A mil-watch staple, the GG-W-133 was one of Jon’s first serious watch purchases. The GG-W-133 does not feature “H3” or the radioactive symbol on the dial, a detail specified because this watch was designed for pilots who wanted the cleanest possible dial. Though it doesn’t get too much wrist time these days (the watch is a bit small for Jon’s wrist), he has no plans to sell it.

Read more about some of these vintage military watches here and here.

Stowa Marine Original

Based on a German deck pocket watch, the Stowa Marine was a watch Jon wore regularly for nearly two years. Large and legible, the Marine Original also comes equipped with a beautifully decorated Unitas caliber.

Click here for our review.

Seiko ref. 6105-8000 Diver

An iconic dive watch from an iconic brand, the 6105-8000 is a must-have for any serious Seiko collector. The next generation of the watch, the ref. 6105-8110, was worn by Martin Sheen’s Captain Willard in Apocalypse Now, though the 6105-8000 would have technically been the period-correct watch for the film.

MK II Paradive

This is the second version of MK II’s homage to the Benrus Type I. Jon traded his first Seiko 6105 (not the one featured above) for this watch which was at the time very hard to get. Today, it’s his go-to piece for adventuring, and it’s seen many miles on Jon’s wrist. This one is staying in Jon’s collection for the long haul.

Click here to read Jon’s take on the Paradive.

Scubapro 500 Diver

One of Jon’s funkier pieces, the Scubapro 500 is a quirky vintage diver and an example of more restrained ‘70s design, though it’s still very much of its era. This one draws a lot of attention when Jon wears it, especially when it’s on a bright-orange nylon band.

Read Jon’s coverage of the Scubapro 500 here.

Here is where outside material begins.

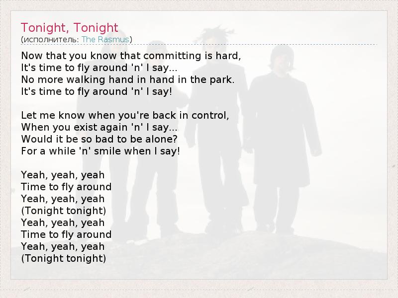 Now that you know that committing is hard, It's time to fly around 'n' I say... No more walking hand in hand in the park. It's time to fly around 'n' I say! Let me know when you're back in control, When you exist again 'n' I say... Would it be so bad to be alone? For a while 'n' smile when I say! Yeah, yeah, yeah Time to fly around Yeah, yeah, yeah (Tonight tonight) Yeah, yeah, yeah Time to fly around Yeah, yeah, yeah (Tonight tonight)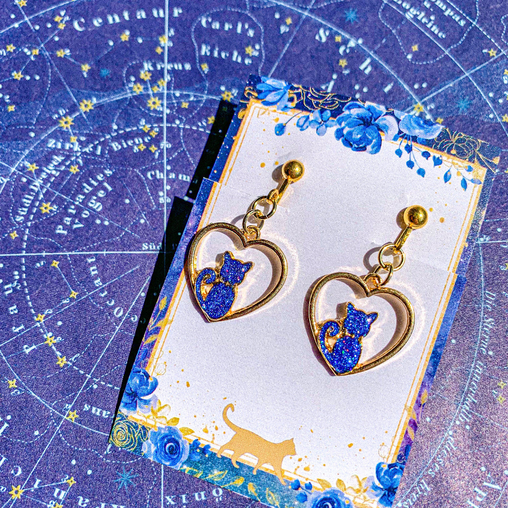 宇宙猫のハート耳飾り 〜 満天の星空に染められて 〜

Seiko Navigator Timer ref. 6117-8000

And finally, there’s the Seiko ref. 6117-8000, a relatively recent addition to Jon’s growing collection. This one is basically a sock drawer find, and the condition on it is near-mint. It’s quickly become Jon’s go-to travel watch, and it’s another piece that Jon imagines never parting with. In fact, he’s currently on the hunt for a few more examples to gift his brother and father.

Learn more about the Seiko Navigator Timer ref. 6117-8000 here.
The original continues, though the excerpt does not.